### Dataset excerpt

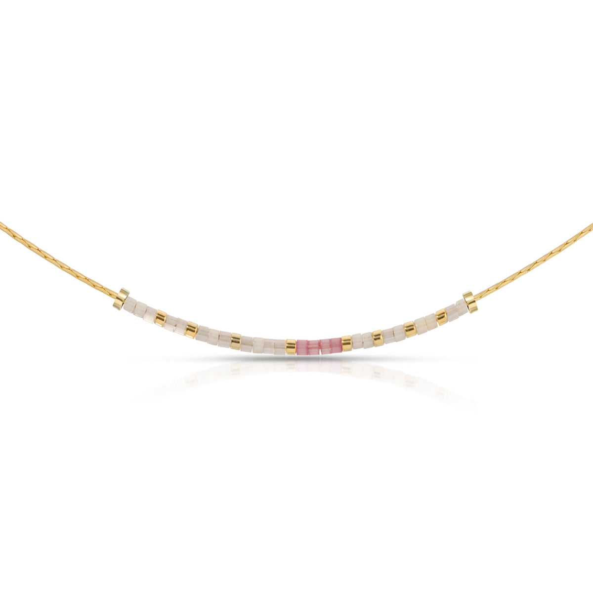 This beautiful necklace celebrates moms raising girls with a design that encodes the words 'Girl Mama' into a Morse code design with neutral colors and a hint of pink.
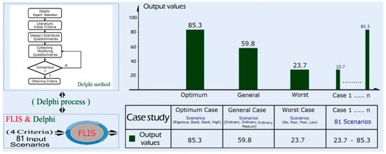 In terms of fuzzy logic theory research design, this study consulted the opinions of Delphi experts in the process of constructing the FLIS. Relevant required parameter definitions of the Delphi–fuzzy (DFuzzy) model included the following: (1) Fuzzy sets: each criterion was set as three scenarios (high, medium, and low or good, ordinary, and poor). The four criteria could be combined into a total of 81 evaluation scenarios. (2) Membership function (MF): the commonly used Gauss–MF and Tri–MF were adopted. (3) Quantified interval values and units of each criterion and the DFuzzy model’s overall quantified evaluation diagram are shown in Figure 3. The steps of the model’s quantification process were sequenced as follows: input scenarios, apply a fuzzifier, apply a defuzzifier, and output the value. A total of 81 evaluation scenarios existed, and thus 81 scenario combinations of quantified evaluation can be applied to cities. Definitions of the relevant parameters of the DFuzzy model are shown in Table 1.
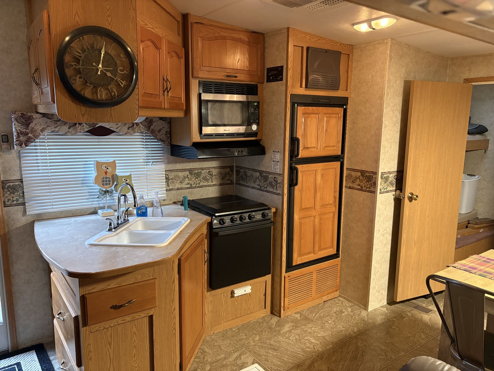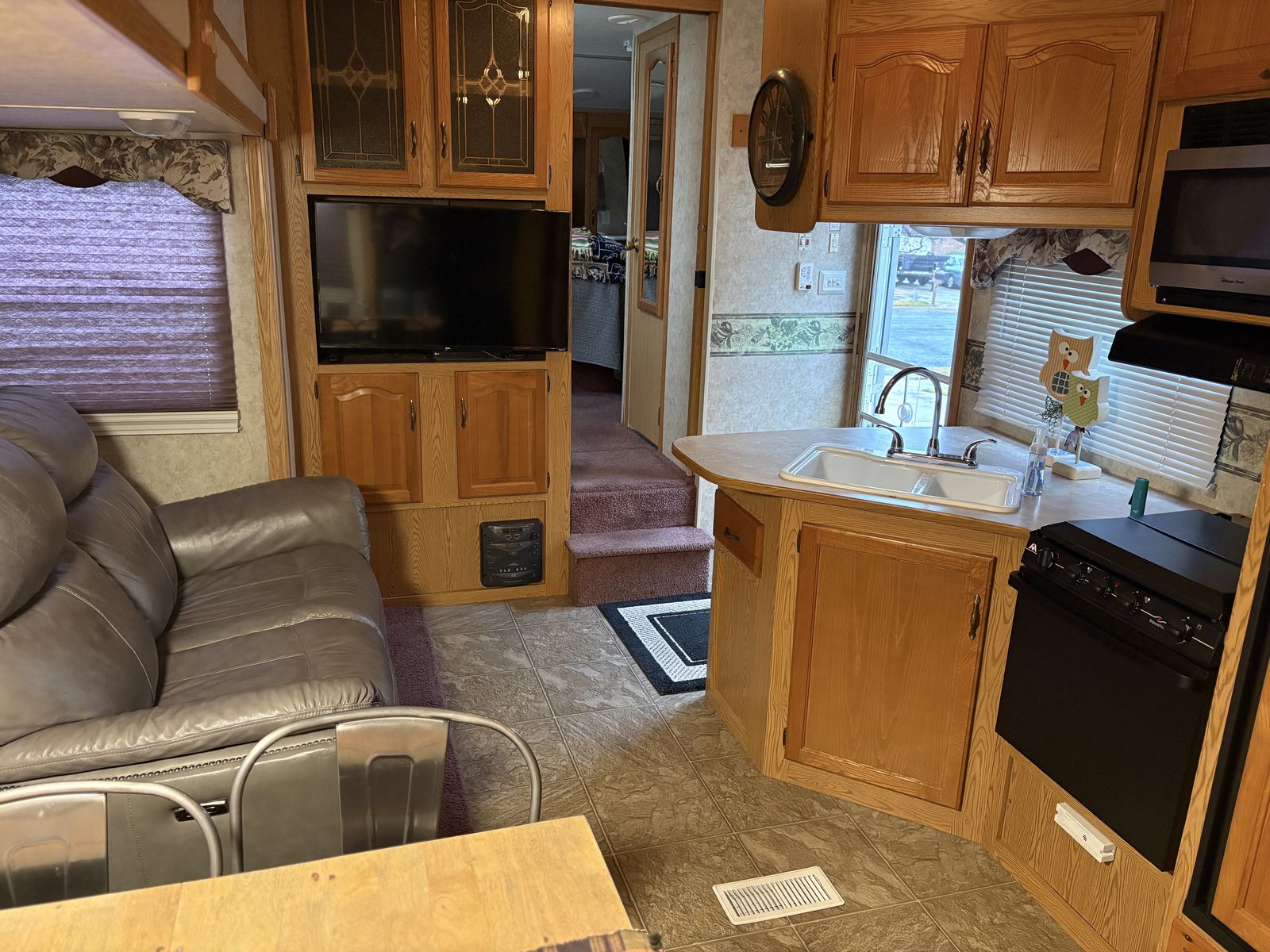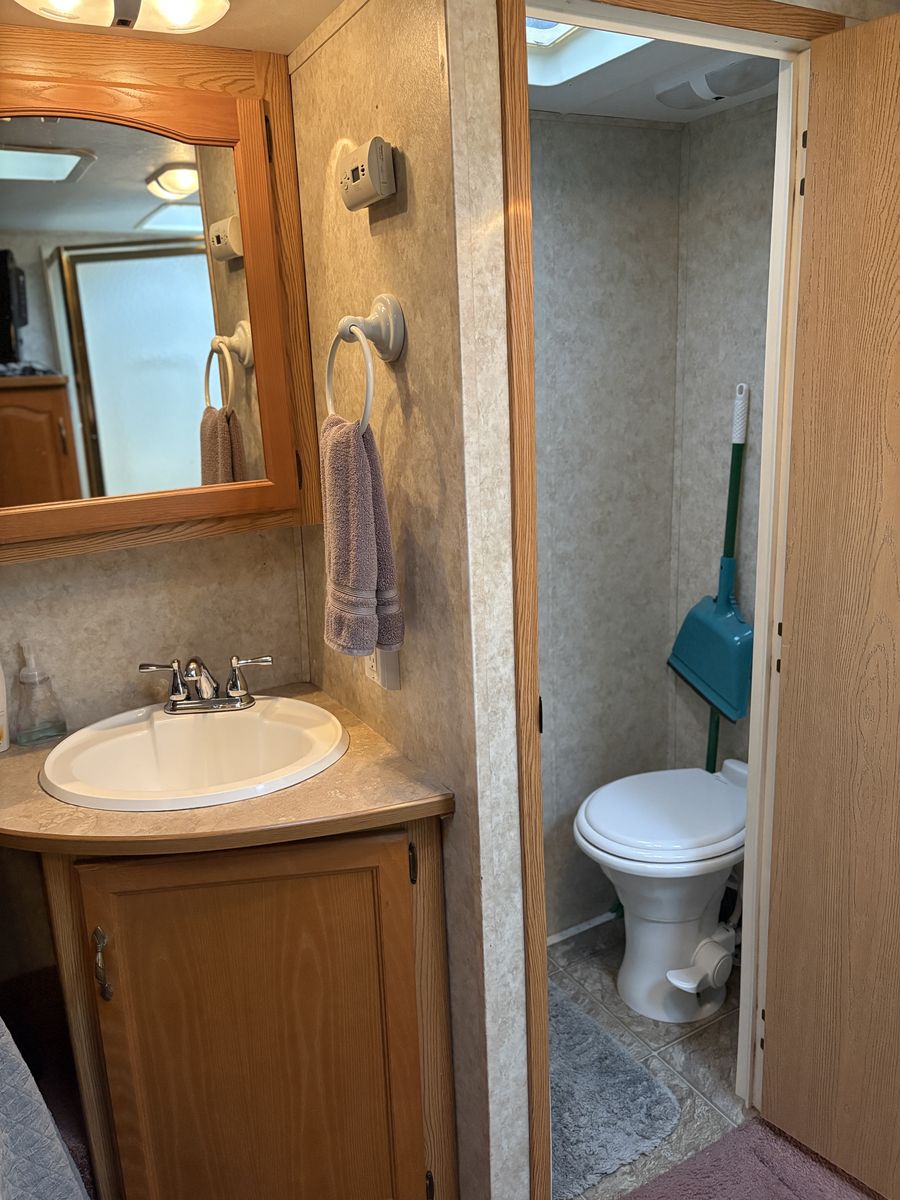 2005 Keystone Cougar 281EFS 5th wheel trailer. Queen mattress. Normal mattress, not the usual RV mattress. Bunkhouse. Reclining leather couch. Updated kitchen table. Polar package. Includes enclosed/heated underbelly and extra insulation in the floor and roof. Solar panel with inverter. King Tv antenna. Rear “garage” for extra storage. Tires are only a few years old and in good condition. Everything is in good working condition.

### What this task involves
Restate the listing above word for word, and skip the pictures.

### Solution to the problem
 This beautiful necklace celebrates moms raising girls with a design that encodes the words 'Girl Mama' into a Morse code design with neutral colors and a hint of pink.
 In terms of fuzzy logic theory research design, this study consulted the opinions of Delphi experts in the process of constructing the FLIS. Relevant required parameter definitions of the Delphi–fuzzy (DFuzzy) model included the following: (1) Fuzzy sets: each criterion was set as three scenarios (high, medium, and low or good, ordinary, and poor). The four criteria could be combined into a total of 81 evaluation scenarios. (2) Membership function (MF): the commonly used Gauss–MF and Tri–MF were adopted. (3) Quantified interval values and units of each criterion and the DFuzzy model’s overall quantified evaluation diagram are shown in Figure 3. The steps of the model’s quantification process were sequenced as follows: input scenarios, apply a fuzzifier, apply a defuzzifier, and output the value. A total of 81 evaluation scenarios existed, and thus 81 scenario combinations of quantified evaluation can be applied to cities. Definitions of the relevant parameters of the DFuzzy model are shown in Table 1.
 2005 Keystone Cougar 281EFS 5th wheel trailer. Queen mattress. Normal mattress, not the usual RV mattress. Bunkhouse. Reclining leather couch. Updated kitchen table. Polar package. Includes enclosed/heated underbelly and extra insulation in the floor and roof. Solar panel with inverter. King Tv antenna. Rear “garage” for extra storage. Tires are only a few years old and in good condition. Everything is in good working condition.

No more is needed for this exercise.